TRY IT: When you reach the line holding "スイッチシーズンの軽い羽織り" in the material below, return that line and each one after it, word for word, with the pictures dropped.

⟨

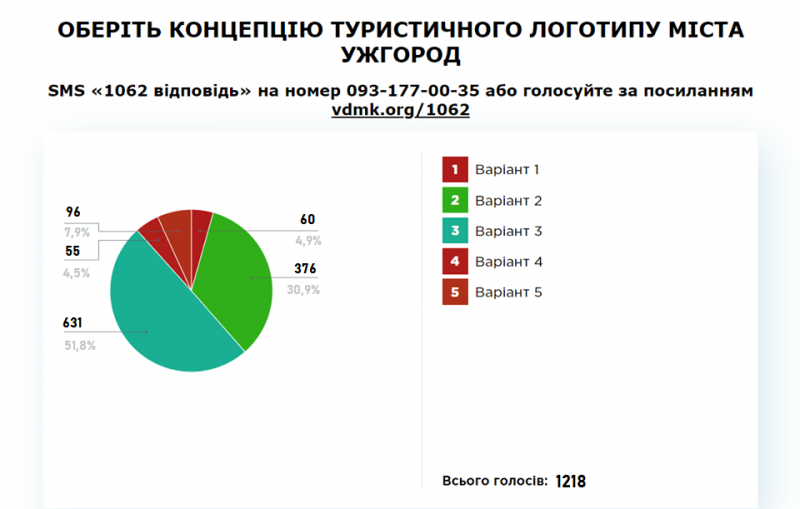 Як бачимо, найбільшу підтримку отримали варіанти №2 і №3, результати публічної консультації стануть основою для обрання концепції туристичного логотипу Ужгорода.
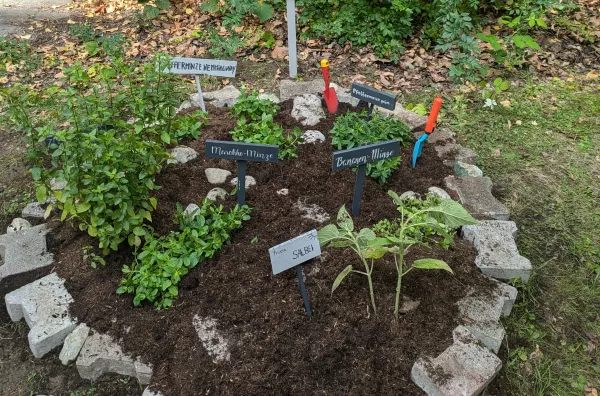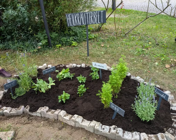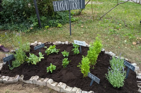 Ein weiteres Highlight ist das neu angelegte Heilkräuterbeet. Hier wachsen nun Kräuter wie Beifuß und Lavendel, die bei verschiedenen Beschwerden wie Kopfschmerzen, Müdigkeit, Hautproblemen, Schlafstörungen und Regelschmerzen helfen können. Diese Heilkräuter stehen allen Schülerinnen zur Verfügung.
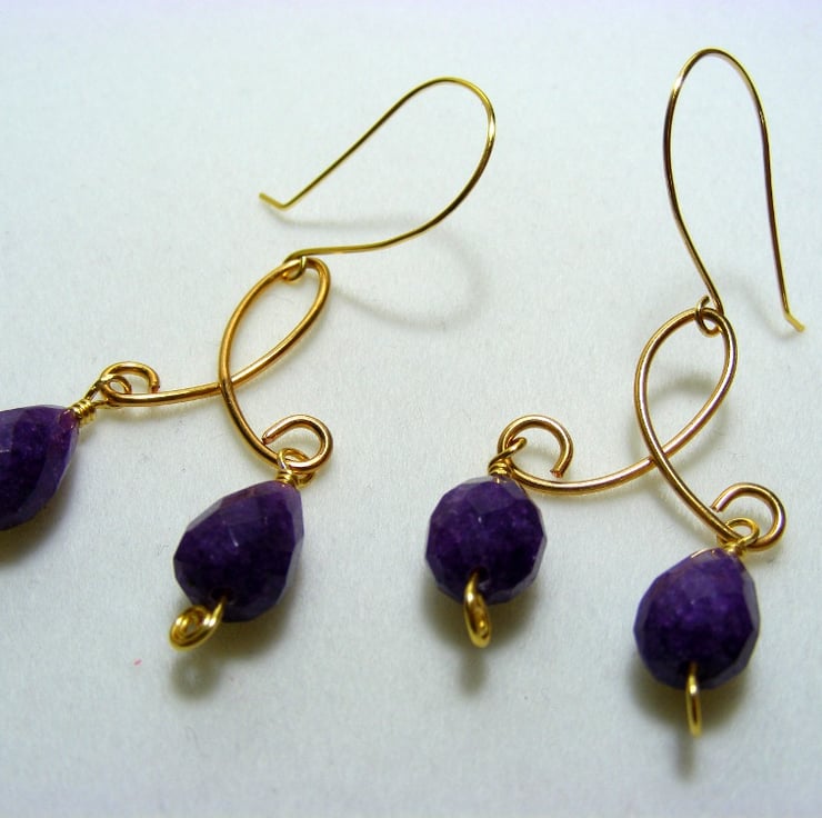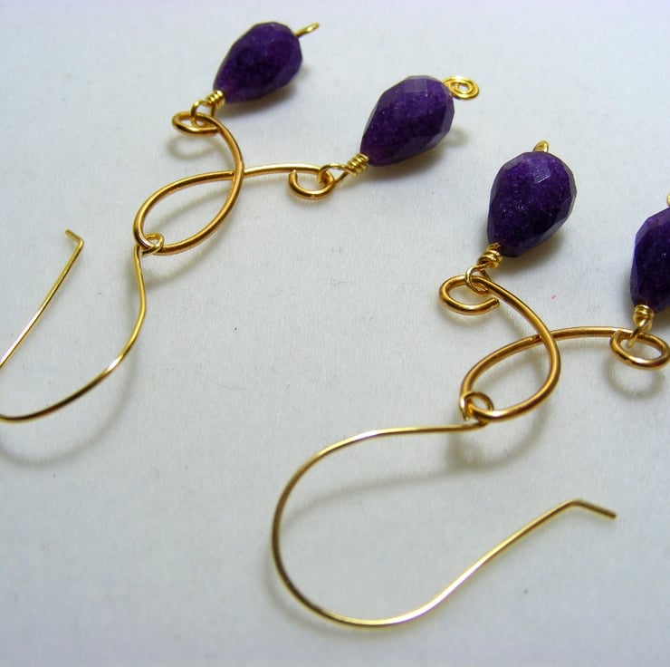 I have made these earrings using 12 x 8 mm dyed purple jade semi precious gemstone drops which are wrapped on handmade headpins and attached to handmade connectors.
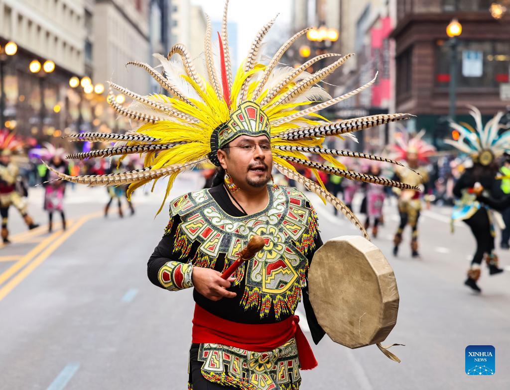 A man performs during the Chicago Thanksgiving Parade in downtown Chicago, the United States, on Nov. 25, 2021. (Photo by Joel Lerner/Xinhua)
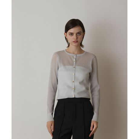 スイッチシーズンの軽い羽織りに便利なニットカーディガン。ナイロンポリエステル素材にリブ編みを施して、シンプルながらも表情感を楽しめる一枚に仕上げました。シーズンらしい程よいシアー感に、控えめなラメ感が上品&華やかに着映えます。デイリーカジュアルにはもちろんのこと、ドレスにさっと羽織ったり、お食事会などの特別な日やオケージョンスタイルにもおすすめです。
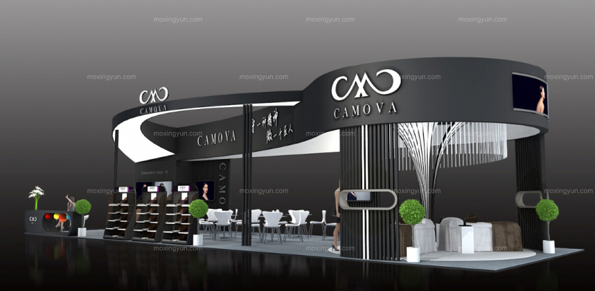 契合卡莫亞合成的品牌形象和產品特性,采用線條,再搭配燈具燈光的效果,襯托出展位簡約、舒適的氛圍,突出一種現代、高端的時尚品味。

⟩

TASK SOLUTION:
 スイッチシーズンの軽い羽織りに便利なニットカーディガン。ナイロンポリエステル素材にリブ編みを施して、シンプルながらも表情感を楽しめる一枚に仕上げました。シーズンらしい程よいシアー感に、控えめなラメ感が上品&華やかに着映えます。デイリーカジュアルにはもちろんのこと、ドレスにさっと羽織ったり、お食事会などの特別な日やオケージョンスタイルにもおすすめです。
 契合卡莫亞合成的品牌形象和產品特性,采用線條,再搭配燈具燈光的效果,襯托出展位簡約、舒適的氛圍,突出一種現代、高端的時尚品味。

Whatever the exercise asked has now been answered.